To establish evidence for the validity and reliability of three commonly used pain
scales in dogs when assessed by video by specialists in anesthesia.
Mixed-method test–retest observational study.
A group of six American College of Veterinary Anesthesia and Analgesia board-certified
specialists and 31 postoperative dogs.
The evaluators scored 31 dogs using a visual analogue scale (VAS), numeric rating
scale (NRS), and Glasgow pain scale (GPS). The evaluators individually scored the
dogs using all three scales together and subsequently, at 3 month intervals, using
each of the scales apart. Then, all evaluators in one room reviewed 23 of the videos.
A camera was positioned for video and audio recording of discussion about the videos.
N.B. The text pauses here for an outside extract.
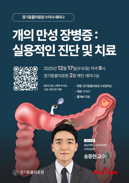 경기동물의료원 관계자는 “바쁜 일정 속에서도 진료와 학문 발전을 위해 끊임없이 노력하는 임상수의사들에게 깊은 존경과 감사를 전한다”면서 “이번 세미나가 만성 장병증과 관련해 임상 현장에 실질적으로 도움이 되는 실용적인 지식과 통찰을 제공하는 시간으로써 진료 역량을 강화하는 의미 있는 기회가 되기를 바란다”며 많은 참여를 당부했다.
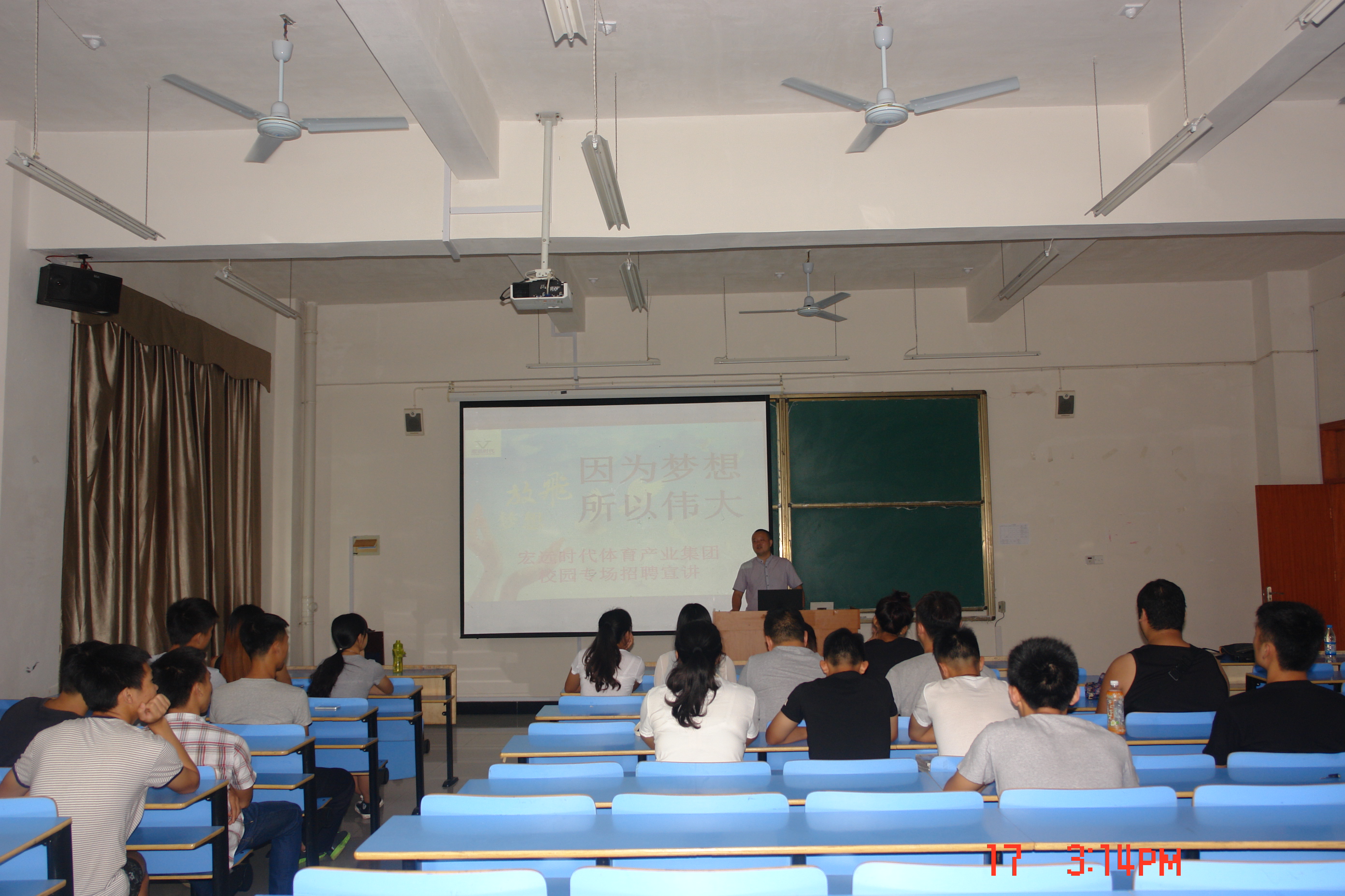 体育学院成功举办创业劢志教育成长报告会 2016年06月17 学院新闻 体肓学院邀请宏远时代体育产业集团人力资源总监薛良奇于6月17日为体育学院13级学生举办了创业劢志教育成长报告会,薛良奇从当前的就业创业状况,体育产业发展的前景,大学生就业创业所具备的素养等几个方面作了精彩的报告;同时把宏远时代体育产业集团所需要的人才也做了宣传,两场报告会共计100余名学生参加,有10名学生和宏远时代体育产业集团当场签订了就业协议。 分享到:QQ好友微信QQ空间新浪微博人人网复制网址打印

Intra- and interobserver reliability was determined using a two-way random model intra-class
correlation coefficient (ICC).
Linear regression indicated a strong correlation among all scales when assigned together
(VAS versus NRS, p < 0.0001, R2 = 0.93; VAS versus GPS, p < 0.0001, R2 = 0.59; and NRS versus GPS, p < 0.0001, R2 = 0.61) and apart (VAS versus NRS, p < 0.0001, R2 = 0.68; VAS versus GPS, p < 0.0001, R2 = 0.40; and NRS versus GPS, p < 0.0001, R2 = 0.47). Posture, appearance, vocalization, stiffness, interaction between the animal
and a person and response to palpation were identified as important variables for
assessing pain. Intra-observer reliability produced average ICC values of 0.90 for
VAS, 0.89 for NRS and 0.85 for GPS. Interobserver reliability produced average ICC
values when scores were assigned together (VAS: 0.93, NRS: 0.93 and GPS: 0.93) and
when done separately (VAS: 0.91, NRS: 0.93 and GPS: 0.95).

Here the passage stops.